Family of Best Models (FBM)
Rather than selecting a single “best” model, Predomics identifies the Family of Best Models – a statistically defined population of all models whose performance is not significantly worse than the best.
Definition
Let N models have fitness scores f_1 >= f_2 >= … >= f_N (sorted descending). The FBM is defined using a binomial confidence interval around the best score f_1:
lower_bound = BinomialCI(f_1, N, alpha)
FBM = { model_i : f_i > lower_bound }
where alpha is the confidence level (parameter best_models_criterion). A smaller alpha produces a larger FBM (more permissive).
If the fitness metric is not in [0, 1], a fallback criterion selects the top 5% of models.
Why a Family, Not a Single Model?
- Statistical equivalence: Many models may perform equally well within sampling noise. Selecting only the top model ignores this uncertainty.
- Feature robustness: Features appearing in many FBM models (high prevalence) are more reliable biomarkers than features appearing in only the top model.
- Biological insight: The diversity of models in the FBM reveals which features are interchangeable and which are essential.
- Ensemble prediction: The FBM provides a natural ensemble for jury/voting-based prediction.

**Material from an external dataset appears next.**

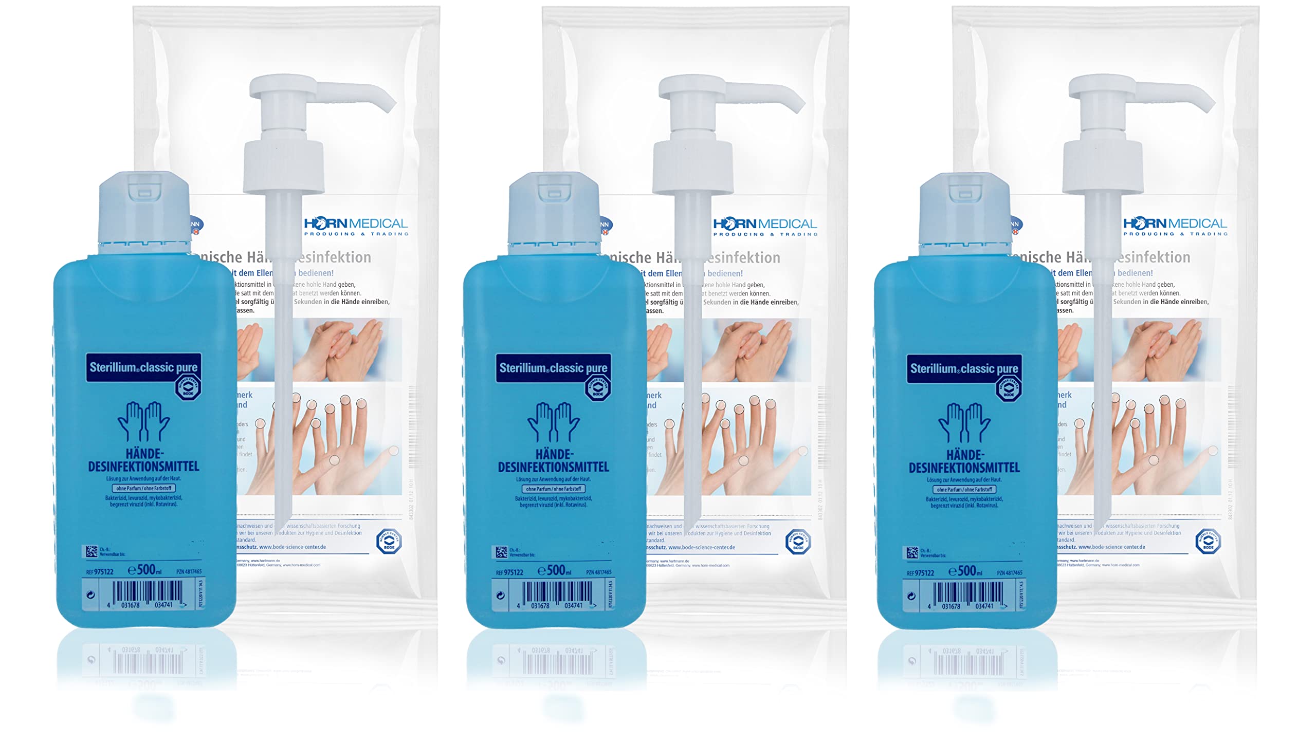 Horn Medical dosing pumps are compatible with sterillium pure - included in the delivery - which is particularly skin -friendly due to its dye and perfume -free composition, even with sensitive skin. For all hygiene-relevant areas in healthcare and industry, in domestic health, elderly and infant care, in home dialysis.Protects against infection in public institutions and when traveling. Contraindications: Not suitable for disinfection of mucous membranes.Do not use in the immediate vicinity of the eyes or open wounds.Hypersensitivity (allergy) against one of the ingredients. Side effects: Occasionally, slight drought or irritation of the skin can occur.In such cases, it is recommended to intensify general skin care.Allergic reactions are rare. Warnings: The supplied hand disinfectant should not be used for new and premature babies.The application in infants and toddlers should only take place after medical consultation.Use electrical devices only after drying up.Do not bring in contact with open flames.Also do not use near ignition sources.Flaming point 23 ° C, inflammatory.If the preparation is used intended, fire and explosion risks are not to be expected.After spilling the disinfectant, the following measures must be taken: immediate absorption of the liquid, dilute with lots of water, ventilation of the room and the elimination of ignition sources.Do not smoke.In the event of a fire with water, extinguishing powder, foam or CO 2.Any transferring may only take place under aseptic conditions (steril bench), otherwise the product will lose its effectiveness. Warnings Read the package supplement and ask your doctor or pharmacist for risks and side effects. LEGAL NOTICE Read the package supplement and ask your doctor or pharmacist for risks and side effects. More thanks to the included practical horn dosing pump (s) directly ready for use and ready for use.Applicable everywhere: at home, at work, when traveling, in public institutions….Look reliably and immediately up to 6 hours against yeast, bacteria and viruses.For hygienic and surgical hand disinfection for rubbing - regardless of sink and water.Horn dosing pumps are compatible with sterillium pure hand disinfectant - contained in the delivery - which is particularly skin -friendly due to its dye and perfume -free composition, even with sensitive skin. Horn Medical Dosierpumpen sind kompatibel mit Sterillium Pure - IN DER LIEFERUNG ENTHALTEN - welches aufgrund seiner farbstoff- und parfümfreien Zusammensetzung besonders hautverträglich ist, auch bei empfindlicher Haut. Für alle hygienerelevanten Bereiche in Gesundheitswesen und Industrie, in der häuslichen Kranken-, Alten- und Säuglingspflege, bei der Heimdialyse. Schützt vor Ansteckungen in öffentlichen Einrichtungen und auf Reisen. Gegenanzeigen: Für die Desinfektion von Schleimhäuten nicht geeignet. Nicht in unmittelbarer Nähe der Augen oder offener Wunden anwenden. Überempfindlichkeit (Allergie) gegen einen der Inhaltsstoffe. Nebenwirkungen: Gelegentlich kann eine leichte Trockenheit oder Reizung der Haut auftreten. In solchen Fällen wird empfohlen, die allgemeine Hautpflege zu intensivieren. Allergische Reaktionen sind selten. Warnhinweise: Das mitgelieferte Händedesinfektionsmittel soll nicht bei Neu - und Frühgeborenen angewendet werden. Die Anwendung bei Säuglingen und Kleinkindern soll erst nach Ärztlicher Rücksprache erfolgen. Erst nach Auftrocknung elektrische Geräte benutzen. Nicht in Kontakt mit offenen Flammen bringen. Auch nicht in der Nähe von Zündquellen verwenden. Flammpunkt 23 °C, entzündlich. Bei bestimmungsgemäßer Verwendung des Präparates ist mit Brand und Explosionsgefahren nicht zu rechnen. Nach Verschütten des Desinfektionsmittels sind folgende Maßnahmen zu treffen: sofortiges Aufnehmen der Flüssigkeit, Verdünnen mit viel Wasser, Lüften des Raumes sowie das Beseitigen von Zündquellen. Nicht rauchen. Im Brandfall mit Wasser, Löschpulver, Schaum oder CO 2 löschen. Ein etwaiges Umfüllen darf nur unter aseptischen Bedingungen (Sterilbank) erfolgen, da sonst das Produkt seine Wirksamkeit verliert. WARNHINWEISE Zu Risiken und Nebenwirkungen lesen Sie die Packungsbeilage und fragen Sie Ihren Arzt oder Apotheker. RECHTLICHE HINWEISE Zu Risiken und Nebenwirkungen lesen Sie die Packungsbeilage und fragen Sie Ihren Arzt oder Apotheker. MehrDank mitgelieferter praktischer Horn-Dosierpumpe(n) direkt gebrauchsfertig und einsatzbereit. Überall einsatzfähig: Zuhause, am Arbeitsplatz, auf Reisen, in Öffentlichen Einrichtungen…. Wirkt zuverlässig und sofort bis zu 6 Stunden gegen Hefepilze, Bakterien und behüllte Viren. Zur hygienischen und chirurgischen Händedesinfektion zum Einreiben - unabhängig von Waschbecken und Wasser. Horn Dosierpumpen sind kompatibel mit Sterillium PURE Händedesinfektionsmittel - IN DER LIEFERUNG ENTHALTEN - welches aufgrund seiner farbstoff- und parfümfreien Zusammensetzung besonders hautverträglich ist, auch bei empfindlicher Haut.Horn Medical Dosierpumpen (3 Stück) mit Sterillium PURE Haut-sensitive Händedesinfektionsmittel (3 x 500ml)

FBM Analysis in PredomicsApp
Feature Prevalence
For each feature, its FBM prevalence is the fraction of FBM models that include it:
prevalence(feature_j) = count(models containing feature_j) / |FBM|
Features with prevalence > 80% are likely core biomarkers. Features with prevalence 20-80% may be interchangeable alternatives. Features with prevalence < 20% are accessory or context-dependent.
Population Heatmap
The FBM population is visualized as a heatmap:
- Rows: Models (sorted by fitness or language)
- Columns: Features (sorted by prevalence)
- Color: Coefficient value (+1 blue, -1 red, 0 white)
This reveals which features co-occur, which are mutually exclusive, and whether distinct model families exist.
Co-Presence Analysis
Feature co-presence measures how often two features appear together in FBM models compared to chance:
- For each feature pair (A, B), count:
- Both present: n_AB
- Only A: n_A - n_AB
- Only B: n_B - n_AB
- Neither: N - n_A - n_B + n_AB
- Apply the hypergeometric test (Fisher’s exact test) to assess significance
- Features that co-occur more than expected are positively associated (potential functional modules)
- Features that co-occur less than expected may be functionally redundant (interchangeable)
FBM Z-Score Filtering
The FBM can be further filtered using a z-score criterion to focus on models whose performance is within a statistical threshold of the mean:
z_i = (f_i - mean(FBM)) / std(FBM)
Models with z_i below a configurable threshold are excluded. This produces a tighter “core FBM” while still being more robust than single-model selection.
Jury / Ensemble Voting
The FBM naturally produces an ensemble of expert models for prediction:
Majority Voting
Each FBM model independently predicts the class of a new sample. The final prediction is the majority vote, optionally weighted by model fitness:
prediction = argmax( sum(w_i * vote_i) for class in {0, 1} )
where w_i is the weight of model i (e.g., its AUC).
Consensus Voting
Requires a minimum agreement level (e.g., 70% of experts) to make a prediction. If agreement is below the threshold, the sample is classified as “undecided” (rejection):
if max(agreement_0, agreement_1) < consensus_threshold:
prediction = "rejected"
else:
prediction = argmax(agreement_0, agreement_1)
Vote Matrix
A detailed per-sample, per-model matrix showing how each expert voted on each sample. This allows identification of:
- Unanimous samples: All experts agree (high confidence)
- Controversial samples: Experts disagree (potentially misclassified or atypical)
- Expert groups: Clusters of models that vote similarly
Concordance Analysis
Measures pairwise agreement between jury experts:
- Cohen’s kappa between model pairs
- Overall concordance: Fraction of samples where all experts agree
- Confusion matrix for the jury ensemble vs. true labels
References
- Prifti, E. et al. (2020). Interpretable and accurate prediction scores for metagenomics data with Predomics. GigaScience, 9(3).
- Cui, S. (2017). Mining sparse statistical learning models. Internship report, Ecole Polytechnique / ICAN.